Quero só ver quanto tempo vão levar pra aprovar essa lei.

socorro

Arrumando o escritório aqui de casa desencavei, de modo totalmente involuntário, umas velhas fitas dos Scorpions que o Mirco ouvia quando era adolescente magrelo e rebelde. Sim, Scorpions.

Pra quê. Agora sou obrigada a ficar ouvindo aquela mala do vocalista berrando, toda vez que saímos de carro. Maldita nostalgia.

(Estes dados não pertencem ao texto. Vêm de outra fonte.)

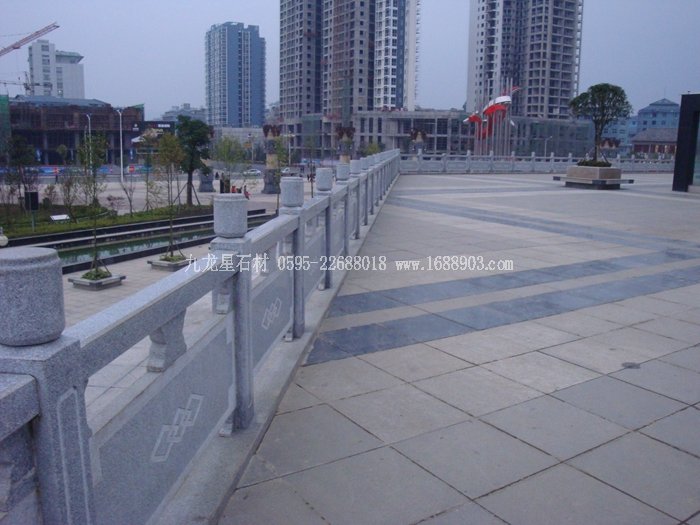 廣場(chǎng)石欄桿低欄高0.2~0.3米,中欄0.8~0.9米,高欄1.1~1.3米。欄桿柱的間矩一般為0.5~2米。
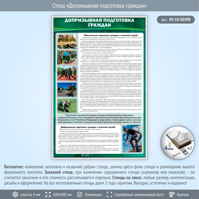Стенд «Допризывная подготовка граждан» (VU-10-SILVER) в Кызыле купить
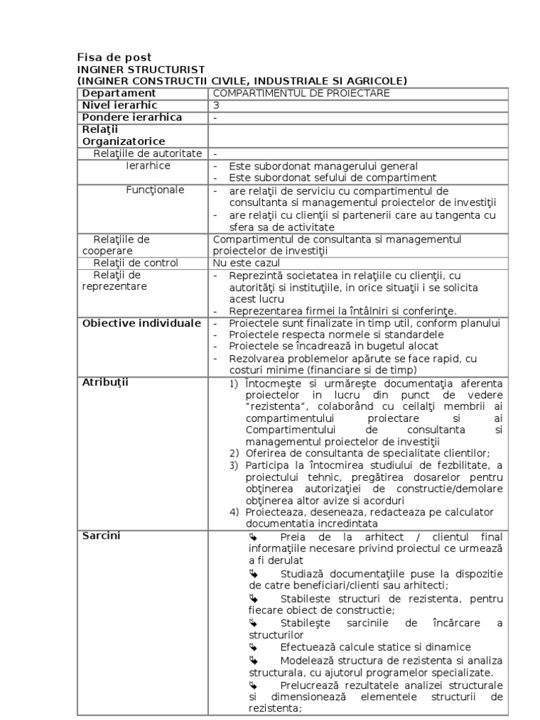 Fisa De Post Inginer Structurist
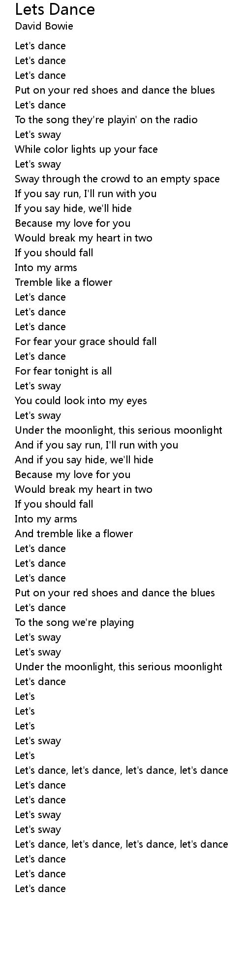 Let's dance, let's dance, let's dance, let's dance |

ODEIO cantores homens que têm voz de mulher. Homem tem que ter voz de homem e mulher tem que ter voz de mulher, pô. Axl Rose talvez seja uma exceção.

hihihi

Tô atrasada com os e-mails, foi mal. Pior é que não posso nem inventar desculpa nenhuma, porque vocês tão carecas de saber que eu não tenho nada pra fazer da vida.

**

Pfaender, amigão de faculdade, futuro superurologista, que usou bigode falso de português na colação de grau e que ano que vem casa com a bendita Raquel, futura superginecologista, me mandou essa piada besta que eu adorei, exatamente porque é besta:

O cara se sentia muito sozinho e foi a um pet shop comprar um bichinho de estimação. Mas ele queria uma coisa diferente, original, em vez do beagle nosso de cada dia. Então ele vai e compra uma centopéia. Leva a centopéia pra casa na sua caixinha, felizão, e fica tão contente de ter uma nova amiga que resolve dar um pulo no bar pra tomar um choppinho básico. Claro que, sendo muito bem educado, ele convida a centopéia pra dar uns rolés com ele.

– Centopéia, quer ir tomar um choppinho comigo?

A centopéia nada.

– Ô Centopéia, vamo dar um pulo ali no boteco pra tomar um chopp, jogar uma conversa fora, hein?

A centopéia nem tchum.

– Centopéia, na boa, vamo, cara! Ô CENTOPÉIA! VAMO LÁ!

A centopéia responde, muito pau da vida:

– Eu já ouvi, porra, tô calçando os sapatos!